The use of digital image processing driven by artificial intelligence presents a promising approach for estimating moisture percentages in fired red bricks, thereby aiding in moisture management and quality control.

The methodology described in this study is intended to complement, rather than replace, traditional moisture measurement techniques. By leveraging AI algorithms, this image processing method has demonstrated its reliability, as evidenced by the close agreement between the segmented images and reference photographs. A key aspect of this methodology is the identification of moisture clusters through the combined application of principal component analysis (PCA) and K-means clustering. PCA helps in reducing the dimensionality of the image data, highlighting the most significant features, while K-means clustering can effectively group similar data points, thereby identifying those regions with varying moisture content.

The results of this study indicate that this AI-driven image processing technique can significantly impact the evaluation of moisture in structures. The ability to accurately and efficiently detect moisture clusters can lead to better-informed decisions in the construction and maintenance of buildings.

Using relative brightness differences as a form of “internal normalization” is important for minimizing the effects of lighting variations across an image. This technique relies on the assumption that changes in lighting impact all areas of the image uniformly.

By focusing on relative brightness differences rather than absolute values, the influence of variable lighting conditions can be mitigated. In the context of images with different pixel sizes, brightness percentages can vary, due to the inherently fractal nature of image processing using different pixel sizes.

Fractals are characterized by self-similarity across different scales, meaning that an object displaying fractal properties will exhibit similar patterns at various levels of magnification.

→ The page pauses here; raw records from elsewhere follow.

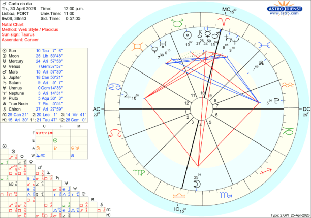 Na terça e quarta feira, com a Lua em Balança, signo cardinal, procuramos o diálogo, a concertação, a diplomacia. Queremos evitar discutir mas não é possível. Vamos ter de nos confrontar com alguém ou alguma coisa porque a Lua começa por fazer oposição a Saturno o que nos aponta os limites e responsabilidades e de seguida faz oposição exacta a Marte em Carneiro nos 14 graus o que traz o choque entra a nacionalidade e a impulsividade. Traz também dúvidas porque Vénus que rege a Balança está em Gémeos em quadratura aos Nódulos e qualquer escolha ou opção será de grandes consequências. São dias em que a reflexão pode dar pontos.
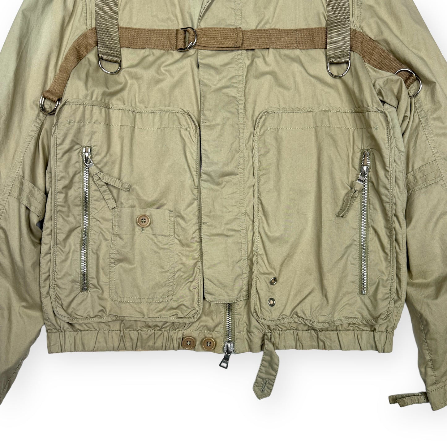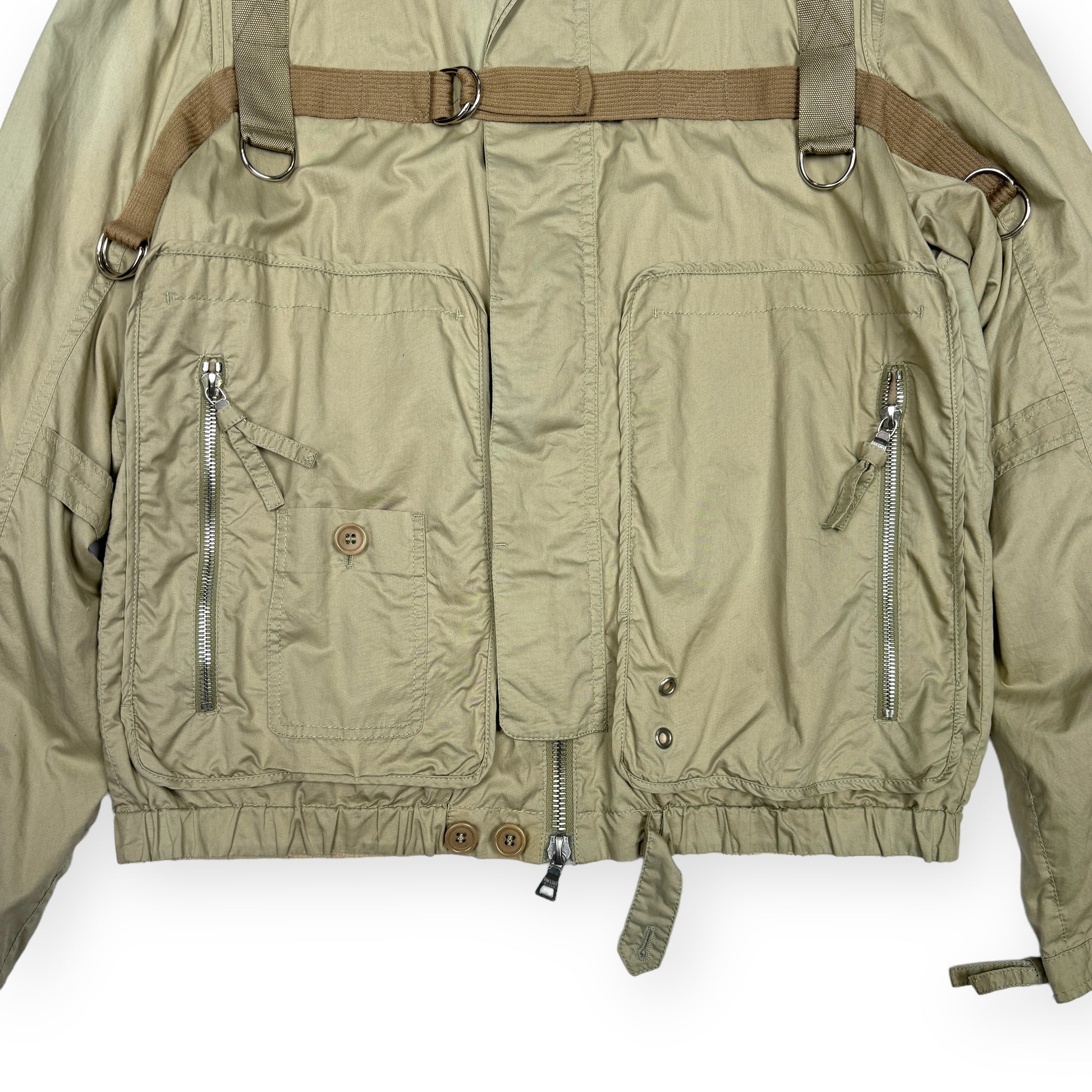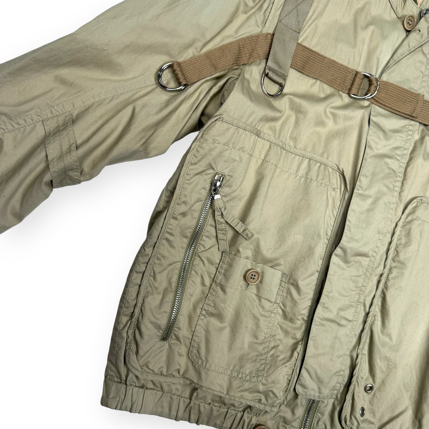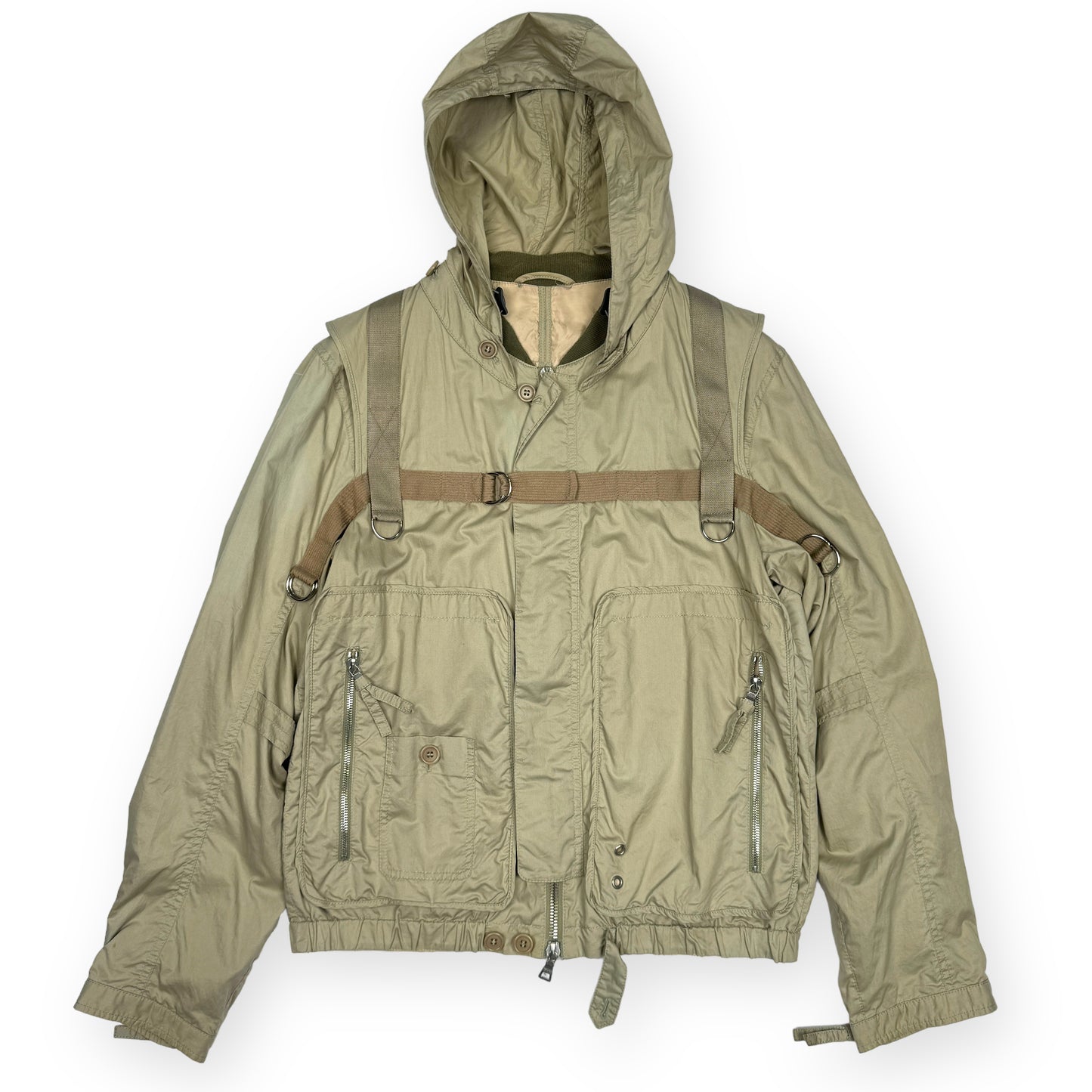 This particular piece represents a more experimental approach that the design team took with the sport line in the mid-2000s, after the success of deconstructed military designs from other fashion houses like D&G at the time. It features standard pockets on the front With multiple bondage straps and d-ring loops. The back panel is disconnected from the main section on the shoulder blades to allow air to pass through to the back. The hood is also removable via the buttons around the collar.
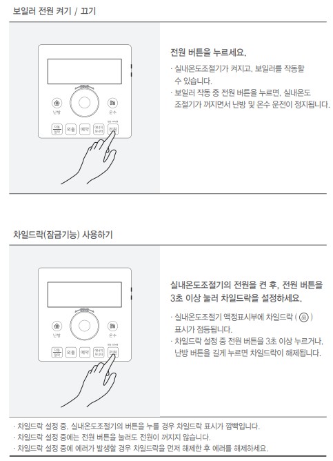 린나이 콘덴싱보일러 PJX9000사용설명서 : 실내온도조절기 온수 사용방법, 설정방법
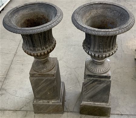 Coppia di vasi da giardino del tipo "mediceo" in ghisa verniciata con basamenti
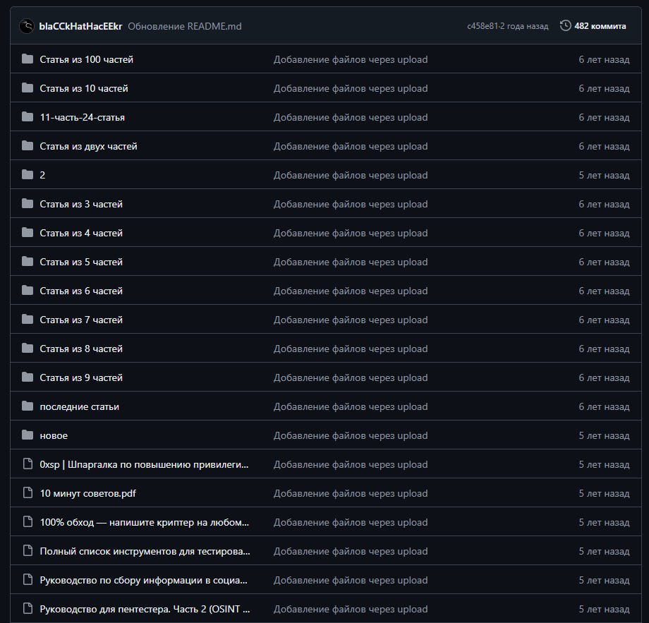 В этом репозитории на GitHub собрано множество статей и PDF-документов по таким темам, как пентест, red team, OSINT и многим другим. В коллекции вы найдете гайды, чек-листы, подборки инструментов и учебные материалы для разных уровней подготовки.
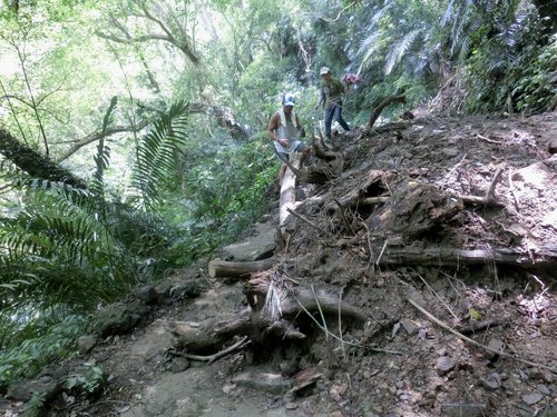 11:39 跨過大石壁上方步道坍方處(因蘇力颱風肆虐尚未清理完成)

This self-similarity is relevant when analyzing digital images, especially when pixel sizes and image resolutions are adjusted.

For instance, natural elements such as coastlines demonstrate fractal characteristics, showing complex, irregular shapes that persist at multiple scales. When measuring geometric properties like the length or area of such fractal objects, the results can differ based on the scale at which measurements are taken.

This scale-dependent variation is a consequence of the fractal dimension, which quantifies the complexity of an object [34]. The choice of pixel size and image resolution plays a significant role in how these physical properties are represented and measured. Internal normalization through relative brightness differences helps account for variations in lighting, which could facilitate a more consistent analysis of fractal-like structures in digital images.

In the realm of construction material evaluation and architectural heritage preservation, accurately identifying the substances within masonry units is paramount. The presence of chlorides, for instance, can greatly influence the integrity and longevity of these structures [6]. Traditional methods of detection often grapple with uncertainties that can compromise the accuracy of the results.

Advancements in digital photography and image processing offer promising solutions. Digital photography formats such as RGB (red, green, and blue), HSV (hue, saturation, and value), and HSI (hue, saturation, and intensity) can help to reduce any uncertainties in the identification of moisture percentages within masonry units. Each of these formats offers unique advantages in capturing and analyzing the interactions between light and materials.

The RGB color model is fundamental in digital imaging, representing images in terms of the primary colors of light. By analyzing the intensity of red, green, and blue components, we can infer the presence of chlorides, which typically alter the color balance of the material.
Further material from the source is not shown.